From 7e901add39412b480c037eb17b06f1450b1948fd Mon Sep 17 00:00:00 2001
From: Bagatur <baskaryan@gmail.com>
Date: Fri, 8 Nov 2024 17:38:13 -0800
Subject: [PATCH 1/5] rfc: accept simple evaluators

---
 python/langsmith/evaluation/_runner.py   |  1 +
 python/langsmith/evaluation/evaluator.py | 44 +++++++++++++++++++++++-
 2 files changed, 44 insertions(+), 1 deletion(-)

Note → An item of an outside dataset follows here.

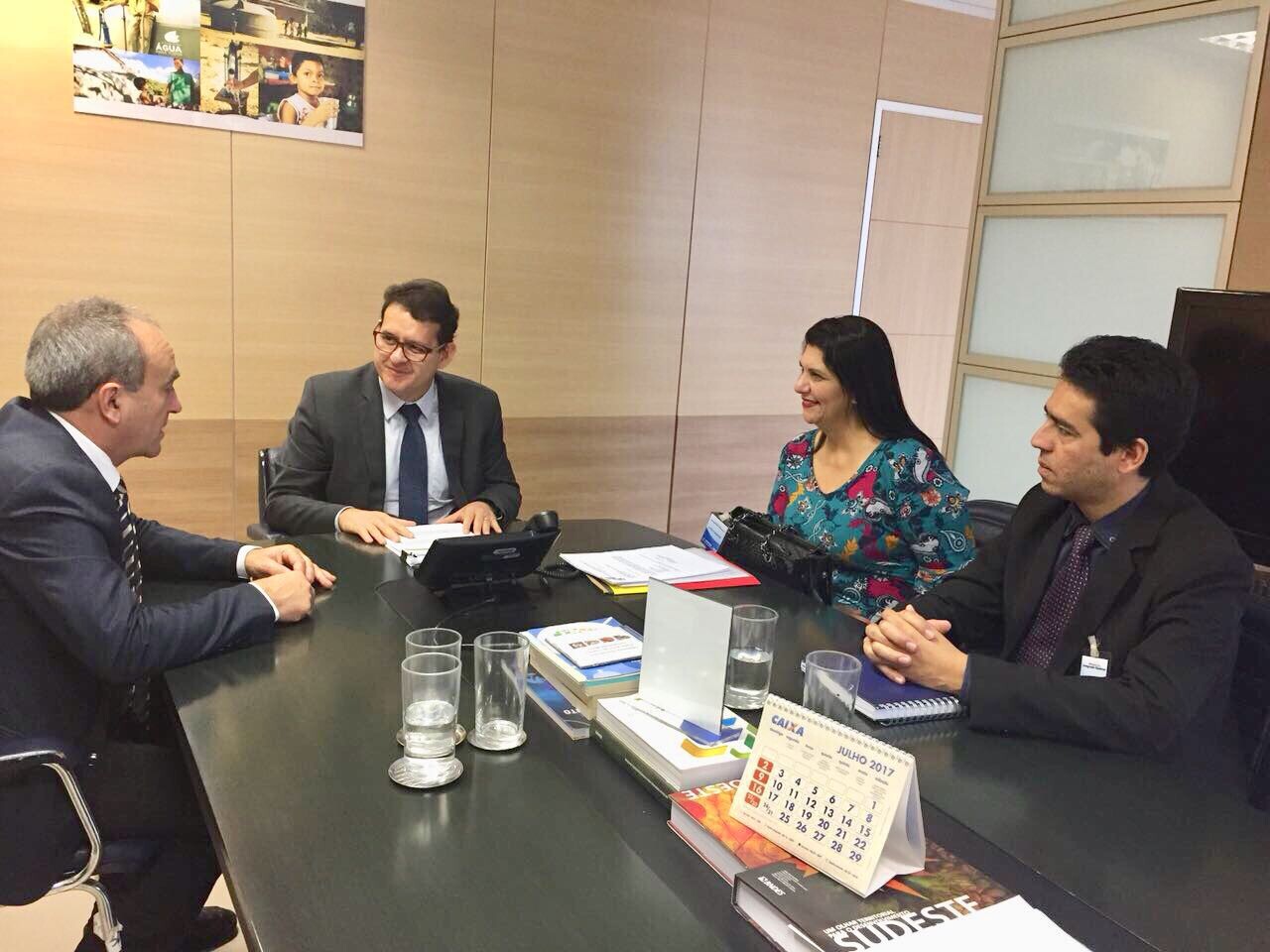Nesta quarta-feira (27), a vice-prefeita Mari Machado e o Vereador Leandro Ferreira, acompanhados do Deputado Federal Dionísio Marcon, estiveram com o Secretário Nacional de Desenvolvimento Regional, Marlon Cambraia, no Ministério da Integração. A finalidade da agenda foi entregar o Plano de Trabalho assinado pelo prefeito Ico Charopen visando a implantação de redes de distribuição de água nos assentamentos Dom Camilo, Banhado Grande, 31 de março, Sepé Tiaraju e a Comunidade Quilombola do Ibicui da Armada. Além de receber o plano, o Secretário saudou a iniciativa.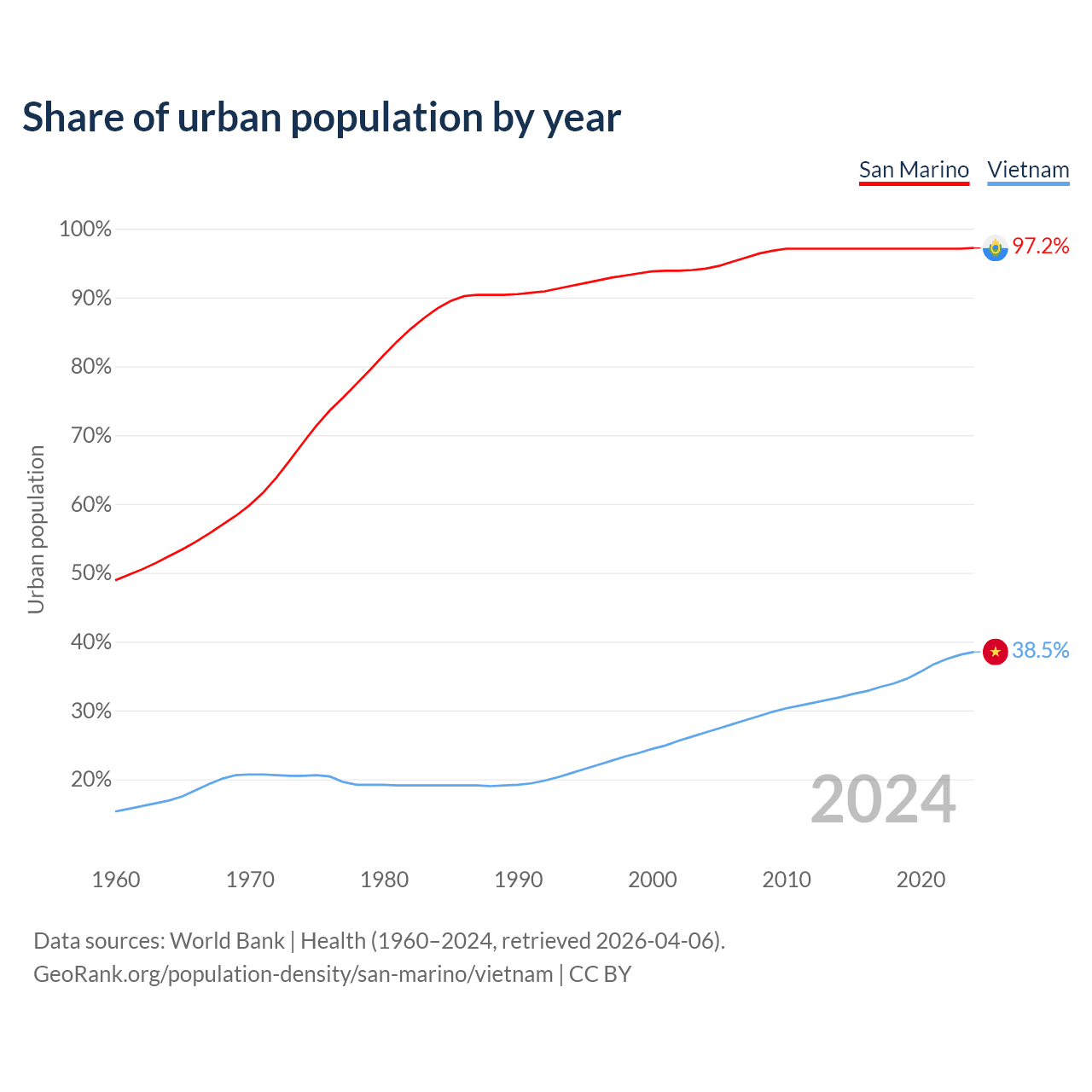 From 2004 to 2024, the share of urban population changed from 94.2% to 97.2% in San Marino and from 26.8% to 38.5% in Vietnam.

diff --git a/python/langsmith/evaluation/_runner.py b/python/langsmith/evaluation/_runner.py
index 111986b76..de910bd58 100644
--- a/python/langsmith/evaluation/_runner.py
+++ b/python/langsmith/evaluation/_runner.py
@@ -86,6 +86,7 @@
         [schemas.Run, Optional[schemas.Example]],
         Union[EvaluationResult, EvaluationResults],
     ],
+    Callable[..., Union[dict, EvaluationResults, EvaluationResult]],
 ]
 AEVALUATOR_T = Union[
     Callable[
diff --git a/python/langsmith/evaluation/evaluator.py b/python/langsmith/evaluation/evaluator.py
index 065f5b16b..9d398f1c4 100644
--- a/python/langsmith/evaluation/evaluator.py
+++ b/python/langsmith/evaluation/evaluator.py
@@ -17,7 +17,7 @@
     cast,
 )
 
-from typing_extensions import TypedDict
+from typing_extensions import TypedDict, get_type_hints
 
 try:
     from pydantic.v1 import (  # type: ignore[import]
@@ -194,6 +194,8 @@ def __init__(
             func (Callable): A function that takes a `Run` and an optional `Example` as
             arguments, and returns a dict or `ComparisonEvaluationResult`.
         """
+        func = _normalize_evaluator_func(func)
+
         wraps(func)(self)
         from langsmith import run_helpers  # type: ignore
 
@@ -632,3 +634,43 @@ def comparison_evaluator(
 ) -> DynamicComparisonRunEvaluator:
     """Create a comaprison evaluator from a function."""
     return DynamicComparisonRunEvaluator(func)
+
+
+def _normalize_evaluator_func(
+    func: Callable,
+) -> Callable[[Run, Optional[Example]], _RUNNABLE_OUTPUT]:
+    # for backwards compatibility, if args are untyped we assume they correspond to
+    # Run and Example:
+    if not (type_hints := get_type_hints(func)):
+        return func
+    elif {Run, Example, Optional[Example]}.intersection(type_hints.values()):
+        return func
+    else:
+        sig = inspect.signature(func)
+        num_positional = len(
+            [
+                p
+                for p in sig.parameters.values()
+                if p.kind in (p.POSITIONAL_OR_KEYWORD, p.POSITIONAL_ONLY)
+            ]
+        )
+        has_positional_var = any(
+            p.kind == p.VAR_POSITIONAL for p in sig.parameters.values()
+        )
+        if not (
+            num_positional in (2, 3) or (num_positional <= 3 and has_positional_var)
+        ):
+            msg = ""
+            raise ValueError(msg)
+
+        def wrapper(run: Run, example: Example) -> _RUNNABLE_OUTPUT:
+            args = (example.inputs, run.outputs, example.outputs)
+            if has_positional_var:
+                return func(*args)
+            else:
+                return func(*args[:num_positional])
+
+        wrapper.__name__ = (
+            getattr(func, "__name__") if hasattr(func, "__name__") else wrapper.__name__
+        )
+        return wrapper

From 9b26f6b72c8808d230e0f53a2385520b33ea79ed Mon Sep 17 00:00:00 2001
From: Bagatur <22008038+baskaryan@users.noreply.github.com>
Date: Mon, 11 Nov 2024 15:08:36 -0800
Subject: [PATCH 2/5] Update python/langsmith/evaluation/evaluator.py

Co-authored-by: William FH <13333726+hinthornw@users.noreply.github.com>
---
 python/langsmith/evaluation/evaluator.py | 2 +-
 1 file changed, 1 insertion(+), 1 deletion(-)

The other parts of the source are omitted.